September 8th, and a surplus shows up in Toronto of:

  • people wearing badges on lariats around their necks (fucking seriously, if you’re not standing in a line-up *right now*, take it the fuck off)
  • men wearing blazers and jeans
  • men wearing blazers and jeans and loafers
  • men wearing blazers and jeans and loafers and sunglasses that cost as much as a small car, carrying weird attache cases and talking on their cellphones
  • women wearing there’s-no-such-thing-as-too-much quantities of makeup and jewelery
  • women wearing skinny belts worn over their shirts, very high up their torso, approximately 3 inches south of their boobs
  • people staring at other people trying to decide if the other people are important people
  • overheard conversations that revolve around when Vince Vaughn is arriving in town
  • random lineups in places that aren’t big enough to accommodate them
  • white tents
  • black velvet rope
  • red carpets

And speaking of the last item – I got ”hey!”’d today for walking over a red carpet (I’m fairly certain). I got off the streetcar, and was walking down the sidewalk. Sidewalk which was covered in a length of red carpet from a front door down to the curb. I am *NOT* walking on the street to avoid stepping on your swatch of red carpet, so you can fuck right off for thinking it. I actually saw one of the little red carpet setting up weenies hop onto the streetcar while the doors were still open to talk to the driver. I can only presume what it was about – but I have a sneaking terrible suspicion that it was to ask him to drop passengers off on the other side of the red carpet.

*Oh yes, and the fuckhead who lives downstairs has extra chairs on his balcony, and has cleared the shoes off the top level of his shoe rack in the hallway. The little wanker is expecting visitors. This cannot end well for our hero…
Update: Looking for solidarity in my hate of the TIFF, I googled ”I hate the Toronto International Film Festival”.
Which yielded two articles, one of which contained the following quote. All I can say is ‘amen’.

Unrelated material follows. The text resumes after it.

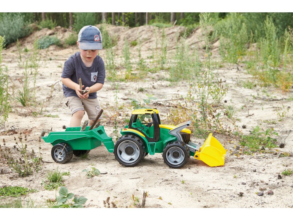Kvalitně zpracovaný traktor s nakládací lžíci a přívěsem byl navrhnut a vyroben tak, aby odpovídal požadovanému modernímu vzhledu, funkčnosti, odolnosti, kvalitnímu zpracování, maximální hrací hodnotě. Hlavní vlastnosti: splňuje požadavky EU na bezpečnost hračekvyrobeno z kvalitního, odolného plastupodporuje kreativitu a představivost

“As I see it, it’s 33 per cent about the movies, 33 per cent about the stars, and 33 per cent about making Toronto feel like Hollywood for a week – complete with stretch hummers, red carpets, and plenty of superficial movie types.
So, while I do really love 33 per cent of it, I still hate well over half of it.”

I don’t like the Toronto Film Festival.

TIFF is aptly named I think (Toronto International Film Festival), because it makes me feel tiffy with my city. Okay, a little lame, but it sets the tone.

I can’t help contrasting TIFF with the Hot Docs film festival. Hot Docs comes to Toronto with things to say. It attracts thoughtful audiences, and launches interesting films. TIFF is about star-power and “movies”, not films. It attracts starhunters (star-gazers isn’t accurate), and the whole city seems to develop an inferiority complex. Newspapers are full of articles like ”Where to shop with the stars!”, embracing my two great ”loves”: starhunters and blind consumerism.

For the duration of the festival I’m surrounded by this weirdness. I work on Bloor, just a hop skip and a jump away from Yorkville – the mecca of the stars out buying anti-aging cream and $795 jeans. People come breathlessly back into my office to report that Al Pacino is next door at Hugo Boss and someone turned a corner and almost poked Dustin Hoffman in the eye. Co-workers suddenly want to go north for lunch, to see if they can spot Ashton Kutcher or Sarah Polley. The desperation to find someone ’worthwhile’ is palpable.

I went out with two particularly tall, swanky looking co-workers, and suddenly we’re getting second looks as we line up for Starbucks coffee – people are literally camped out there and try to figure out if you’re ’somebody’.

At least then I get to come home. To the neighbourhood of The Drake Hotel. Which got featured on a tv special about where the stars will be while they’re in town.